To interpret the data correctly, to ideate constructively, and for a leader to create a vision that works, an agency must live by the law of transparency.

I once had to put together a report on our search engine optimization investment that would be delivered to Tony Robbins himself. The numbers were all around good, but I knew there were results that weren’t good enough. I remember my boss, one of the most intelligent people I’ve ever met, coming to my desk and I asked him, “Should I show some things and not others?”

He answered, “Show what’s important, whether it’s good or bad. Let the data speak.”

Because only by letting the data speak can you make the right decisions.
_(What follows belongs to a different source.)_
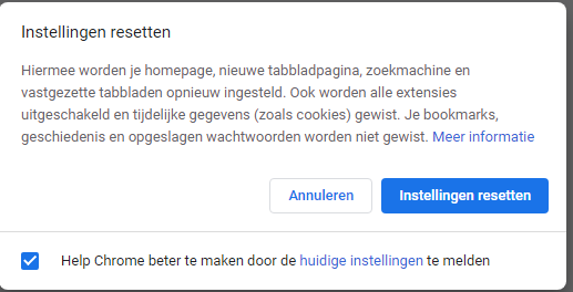 De Chrome browser is nu naar de fabrieksinstellingen gereset.

Only by letting the data speak can you know in what direction to ideate. And only by letting the data speak can you know where the mistakes have been made so that you can fix them.

Transparency is non-negotiable. There is no gray zone. It’s only black and white.

Neither is it about ‘Truth.’ It’s about being confident enough in your abilities to have the humility to know that mistakes are inevitable and are only wasted if they are not used to learn. It’s about building a relationship of honesty with your clients, so they can have the same confidence in you that you have in yourself.

Excellence isn’t an act, it’s a habit.

Simon Sinek on trust.
(Click to enlarge.)

It’s about attitude

Success is internal. The most successful companies and individuals base their achievements on internal standards and metrics. “What can I do to be better? What steps do I need to take to improve? What do I want to achieve? What would give me fulfillment?” It follows that excellence is an internal standard and, more importantly, adherence to that standard. It’s about having the right attitude.

Being data-driven, having a productive ideation process, counting on strong leadership, and living by the law of transparency comes down to an organization’s willingness to continuously raise its own standards. Complacency leads to stagnation and a lack of growth, and as Tony Robbins always says, “If you’re not growing, you’re dying.”